Let t the side of the square and x,y coordinates of P
(1) a² = x² + (t-y)²
(2) b² = x² + y²
(3) c² = (t-x)² + y²
(4) d² = (t-x)² + (t-y)²
adding a² and c² together on the one hand, adding b² and d² on the other hand, we get :
a² + c² = x² + (t-y)² + (t-x)² + y²
b² + d² = x² + y² + (t-x)² + (t-y)² hence :

 a² + c² = b² + d² 

Note.
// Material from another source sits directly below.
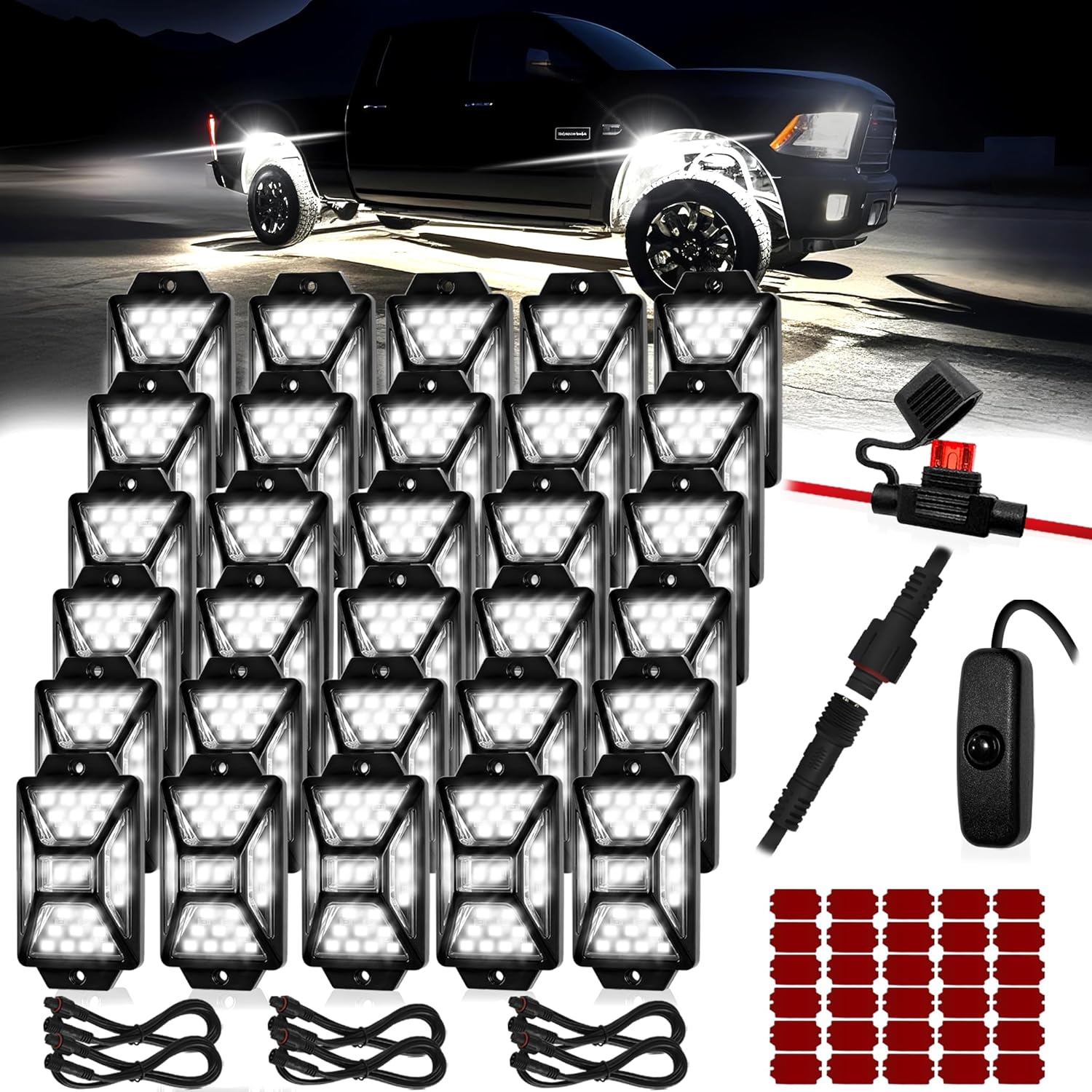 30 Pods Pure White LED Rock Lights Kit with Switch Wiring Harness,6500K 810 LEDs Bright Rock Lights for Trucks,Waterproof Underglow Light for Car Jeep Off Road ATV UTV SUV

This relation is true in any rectangle ABCD with sides u and v :
a² + c² = b² + d² = x² + (v-y)² + (u-x)² + y²

Value of PD ?
d² = a² + c² - b² = 19² + 23² - 29² = 49, d = 7
This being possible only if a² + c² > b²

Side of the square

substracting (3) - (2), we get c² - b² = t² - 2tx, that is :
x = (t² - c² + b²)/2t
Similarily, substracting (1) - (2) : y = (t² - a² + b²)/2t
Substituting x and y into (2) :
(t² - c² + b²)² + (t² - a² + b²)² = 4b²t², and equation :

 2t4 - 2(a²+c²)t2 + (b² - c²)² + (b² - a²)² = 0 

This equation can take other forms as a² + c² = b² + d² :
exchanging b and d, or (a,c) with (b,d), or a and c.
With a=19, b=29, c=23 (and d=7), we get : 2t4 - 2×890 t2 + 327744 = 0
whose solutions are : t = √( 445 ± √34153 )
that is t = 25,095922... and t = 16,130551...
Only the largest value results in a point P inside the square.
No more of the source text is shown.